Note: Ethernet frames have a L2 identifier known as a MAC address which have 6 bytes for destination address and 6 bytes for source address.
The ARP process is very simple and it basically translates IP address ( L3 ) into the associated MAC addresses ( L2 ). Consider the communication between two hosts on an Ethernet Segment – host 1 has IP address 10.10.10.1 and host 2 has IP address 10.10.10.2. For these hosts to communicate , they need to build frames at L2 with source and destination hardware MAC addresses. Host 1 opens up a web browser and try to connect to a service on host 2 which has a destination of 10.10.10.2. Host 1 uses ARP to map the IP address to the MAC address of the destination host.
a) Host 1 sends a broadcast ARP request on the Ethernet LAN segment which contains the IP address of the destination host ( 10.10.10.2 ).
b) As these message is a broadcast, all the hosts on the segment receive the ARP broadcast request and examine the IP field of the request.
c) Hosts 2 identifies its own IP in the request and sends an ARP response with the information about its MAC address.

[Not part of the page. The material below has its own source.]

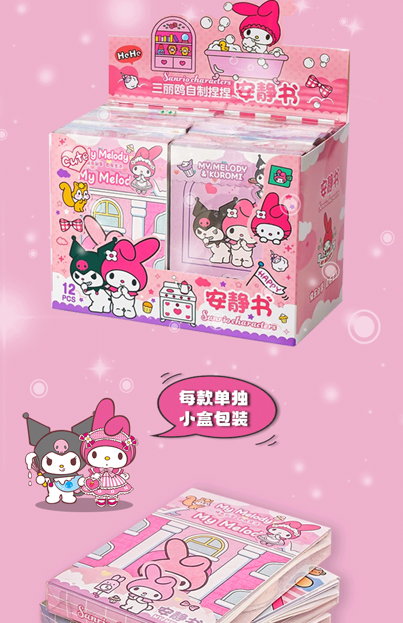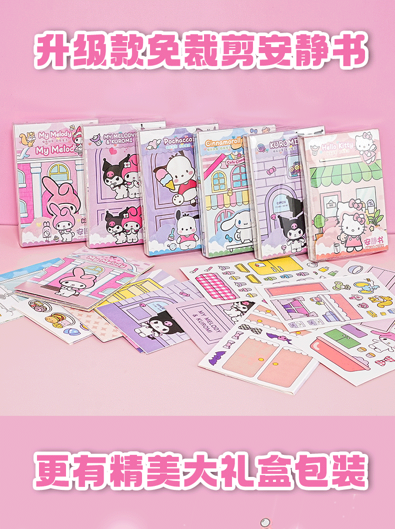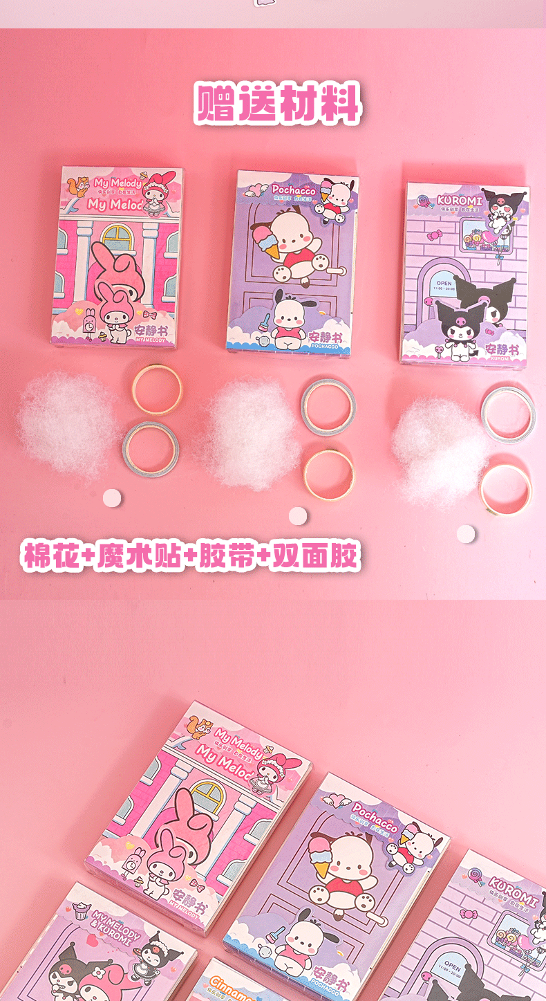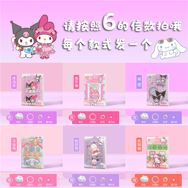 【跨境专供】安静书diy三丽鸥免剪裁库洛米美乐蒂玩具书自制全套

The ARP response is a unicast (single network destination identified by a unique address ) to the host that generated the request.
d) The hosts will now cache the results of the information from the ARP requests and responses into a cache table known as the ARP table.
The ARP tables optimizes communications between directly connected devices. Upon receiving an ARP response, devices keep the IP-to-MAC address mapping for some time, usually up to 4 hours. This means a router does not need to send an ARP request for any IP address it has previously learned. ARP tables may also be updated by what is known as a gratuitous ARP. A gratuitous ARP is a ARP request that a host sends to itself with the purpose of updating its neighbors ARP tables. An example of this would be when a VM is moved from one ESX host to another and in order for the other devices to know that it has moved, it sends a gratuitous ARP. This process updates the router’s ARP table. Due to ARP’s simplistic approach in operation Layer 2 attacks can exploit its vulnerability. One of the main security drawbacks of ARP is that it does not provide any control that proves that a particular MAC address truly corresponds to a given IP address. An attacker can exploit this by sending a forged ARP reply with its MAC address and IP address of a default gateway. When victims update their ARP table with this new entry, they start to send packets to the attackers host instead of the intended gateway. The attacker can then monitor all traffic destined to the default gateway. This is known as ARP spoofing.